Misia est une enfant prodige. Elle n’a que huit ans quand elle a l’occasion de jouer pour Franz Liszt, qui vient parfois chez sa grand-mère quand il est de passage en Belgique. Elle confie : "Je revois très nettement le visage de Liszt, encadré de longs cheveux". À cette époque, Liszt était un vieil homme. Et Misia était si jeune que ses pieds n’atteignaient naturellement pas les pédales. Liszt la prenait sur ses genoux pour lui faire jouer du piano. En la reposant à terre, il disait : "Ah ! Si je pouvais encore jouer comme cela". Quant à Misia, elle dit que ce vieil homme lui faisait peur.
Quand Misia était petite, elle adorait quand un joueur d’orgue de barbarie passait dans la rue. Elle guettait fiévreusement sa venue parce que sa musique l’enivrait. Elle confie : "Je voulais absolument lui manifester ma gratitude mais je ne possédais pour toute fortune qu’un petit cochon en or tellement adoré que l’idée de m’en séparer était un crève-cœur. Après bien des soupirs, j’ai cependant décidé d’en faire cadeau à mon ami de l’orgue et un jour je le lui ai lancé du balcon. Son regard m’a prouvé qu’il mesurait bien toute l’étendue de mon sacrifice."
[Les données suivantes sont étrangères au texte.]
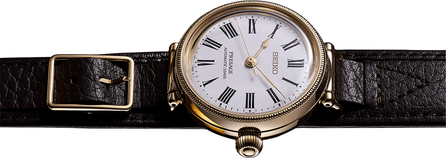 Az óra megjelenése egyértelmű utalás az első zsebórákra, kicsit vegyítve azt a korszakra jellemző, az 1910-es években megjelent első karórák méretével. A 35 mm-es átmérője mai szemmel nézve már bőven a mid-size kategóriát is alulról súrolja, de egyrészt egy jubileumi, megemlékező kiadásnak ez megbocsájtható, másrészt ezzel utat nyit az igényes hölgyek számára is, akik értékelik a Seiko stílusbeli és műszaki örökségét is.

Le père de Misia se remarie et en 1880, il s’installe à Paris et y fait venir ses enfants. Misia découvre sa belle-mère avec laquelle elle ne s’entend pas. Misia se réfugie dans la musique. Elle fait preuve de tels dons musicaux que son père décide de lui faire prendre des leçons du piano. Elle aura comme professeur, Gabriel Fauré, qui fréquente le salon parisien de la famille à Paris. Les leçons de piano chez Gabriel Fauré sont pour Misia le seul jour heureux de la semaine.
Elle confie que le merveilleux enseignement de Fauré lui a donné du piano une connaissance si profonde qu’elle en a tiré de très grandes joies pendant sa vie entière. Misia raconte : "Fauré m’avait connue à Valvins, où mon père avait acheté une maison à côté de celle de Mallarmé. Fauré m’a entendu quand je n’avais que six ou sept ans. Il a été tellement étonné qu’il a prié mes parents de lui confier mes études musicales." Misia ajoute : "Telle a été une des chances de mon existence. Son enseignement a consisté en grande partie à jouer pour moi. Il a vite compris que je saisissais et que je retenais les nuances de son art : une seule phrase d’une sonate de Beethoven qu’il avait choisie avec amour m’apprenait une fois pour toutes la respiration".
Les relations entre Misia et sa belle-mère sont très difficiles. En 1882, sa belle-mère se débarrasse de la petite fille, âgée de 10 ans, en la confiant aux Sœurs du Sacré-Cœur de Jésus, dans l’actuel musée Rodin. Misia écrit : "De mes sept années de Sacré-Cœur, qui m’apparaissent comme un triste tunnel, Fauré, avec sa gentillesse, la joie que je lisais dans ces yeux au fur et à mesure de mes progrès, est le seul point lumineux." Le père de Misia perd sa nouvelle femme. Il se marie rapidement avec une autre, la marquise de Gauville et tous deux se fixent à Bruxelles. Quand Misia retourne en Belgique, vivre chez eux, les choses dégénèrent avec sa belle-mère, au point que Misia quitte la maison à 14 ans, une nuit. Elle demande à un ami de son père de lui donner de l’argent, et elle va jusqu’en Angleterre. Elle vit dans une pension de famille et se procure très vite un piano droit qui entre dans sa petite chambre. Ensuite, elle rejoint Paris, où elle gagne sa vie en donnant des leçons de piano à des élèves que lui procure Gabriel Fauré.